• **EXERCISE DETAILS**: The copy you produce must hold every record exactly, and none of the images.

• **STORED DATA**:
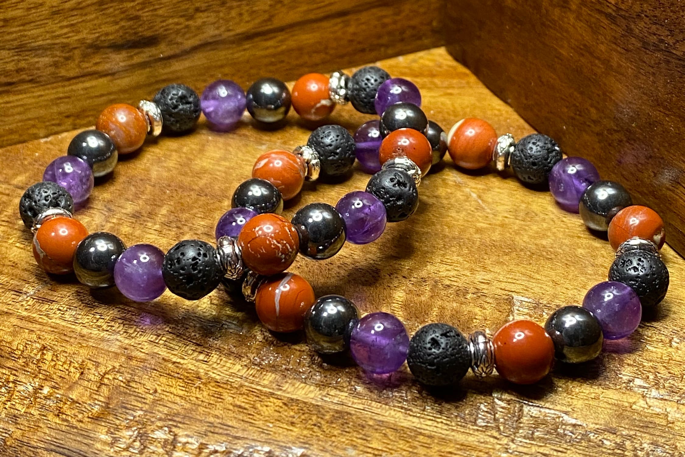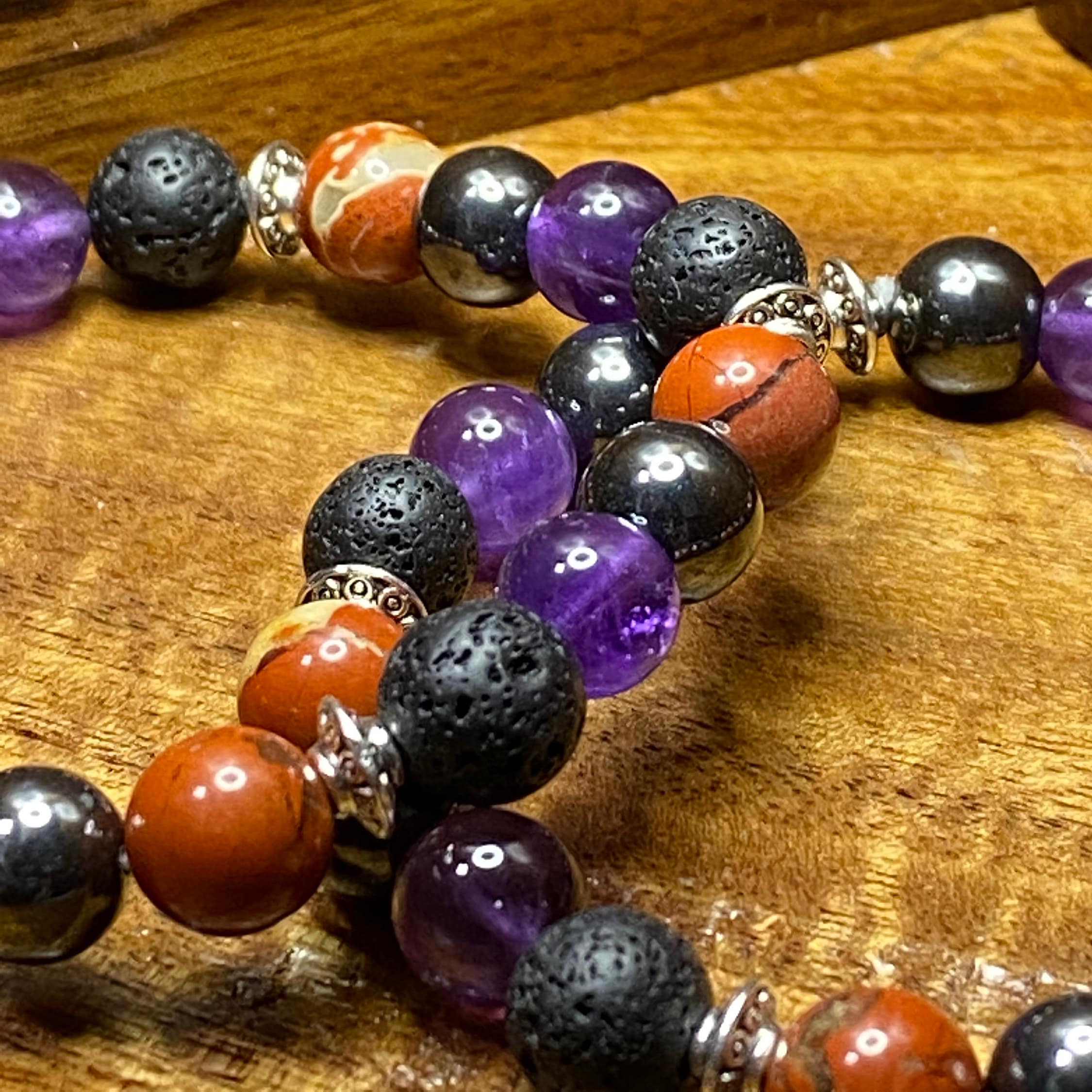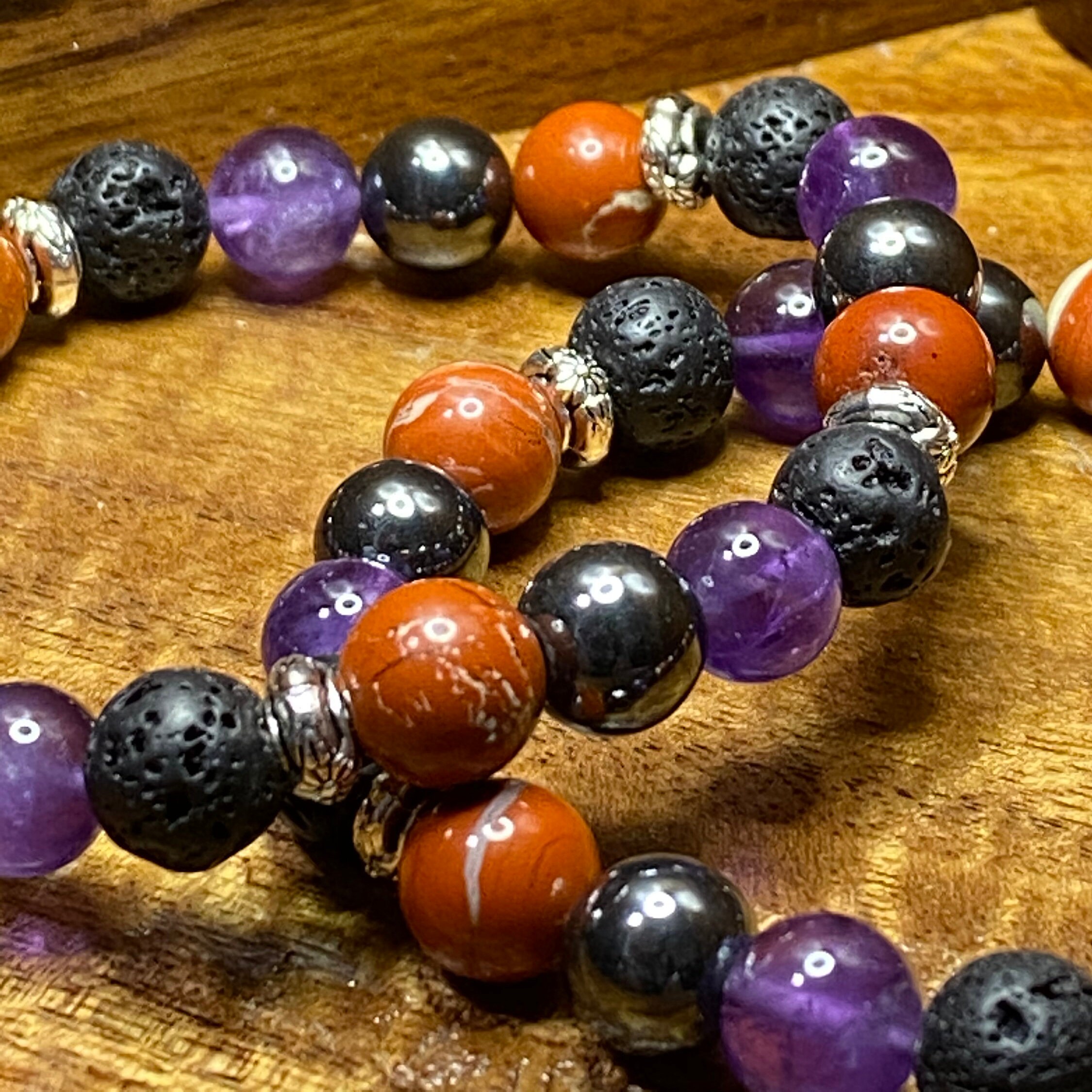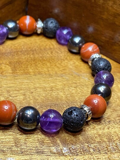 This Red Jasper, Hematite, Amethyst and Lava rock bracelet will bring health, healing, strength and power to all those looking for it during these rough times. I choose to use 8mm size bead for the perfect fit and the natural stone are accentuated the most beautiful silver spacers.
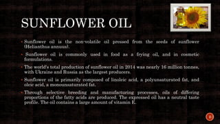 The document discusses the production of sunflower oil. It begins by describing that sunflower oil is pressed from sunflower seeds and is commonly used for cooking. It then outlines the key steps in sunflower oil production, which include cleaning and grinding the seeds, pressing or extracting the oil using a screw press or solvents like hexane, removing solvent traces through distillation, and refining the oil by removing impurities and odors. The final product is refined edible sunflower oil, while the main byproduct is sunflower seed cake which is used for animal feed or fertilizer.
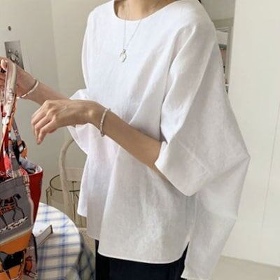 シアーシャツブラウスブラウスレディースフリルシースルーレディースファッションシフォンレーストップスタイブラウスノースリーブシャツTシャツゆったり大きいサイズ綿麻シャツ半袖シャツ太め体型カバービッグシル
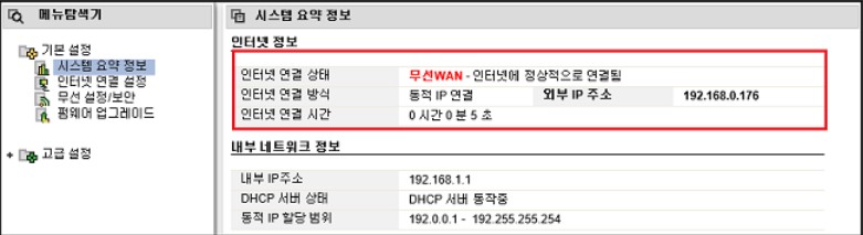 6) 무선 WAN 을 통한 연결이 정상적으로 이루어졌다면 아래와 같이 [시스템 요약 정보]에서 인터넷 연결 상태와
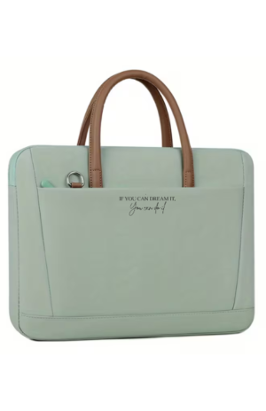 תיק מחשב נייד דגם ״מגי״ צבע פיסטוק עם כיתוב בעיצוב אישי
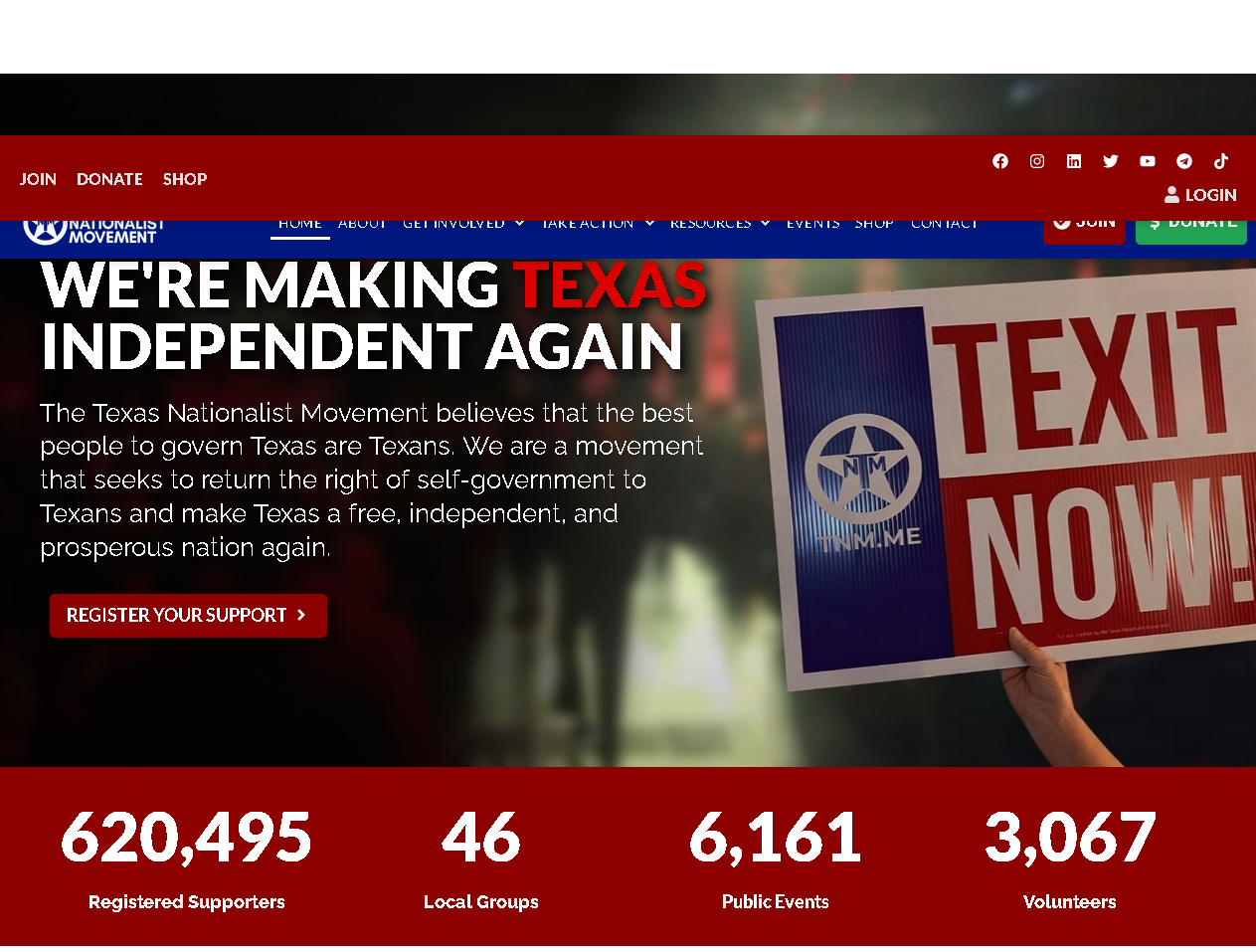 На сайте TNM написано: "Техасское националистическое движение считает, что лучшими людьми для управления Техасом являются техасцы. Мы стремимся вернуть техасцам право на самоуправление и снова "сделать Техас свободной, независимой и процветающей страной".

• **THE COMPLETED TASK**:
 This Red Jasper, Hematite, Amethyst and Lava rock bracelet will bring health, healing, strength and power to all those looking for it during these rough times. I choose to use 8mm size bead for the perfect fit and the natural stone are accentuated the most beautiful silver spacers.
 The document discusses the production of sunflower oil. It begins by describing that sunflower oil is pressed from sunflower seeds and is commonly used for cooking. It then outlines the key steps in sunflower oil production, which include cleaning and grinding the seeds, pressing or extracting the oil using a screw press or solvents like hexane, removing solvent traces through distillation, and refining the oil by removing impurities and odors. The final product is refined edible sunflower oil, while the main byproduct is sunflower seed cake which is used for animal feed or fertilizer.
 シアーシャツブラウスブラウスレディースフリルシースルーレディースファッションシフォンレーストップスタイブラウスノースリーブシャツTシャツゆったり大きいサイズ綿麻シャツ半袖シャツ太め体型カバービッグシル
 6) 무선 WAN 을 통한 연결이 정상적으로 이루어졌다면 아래와 같이 [시스템 요약 정보]에서 인터넷 연결 상태와
 תיק מחשב נייד דגם ״מגי״ צבע פיסטוק עם כיתוב בעיצוב אישי
 На сайте TNM написано: "Техасское националистическое движение считает, что лучшими людьми для управления Техасом являются техасцы. Мы стремимся вернуть техасцам право на самоуправление и снова "сделать Техас свободной, независимой и процветающей страной".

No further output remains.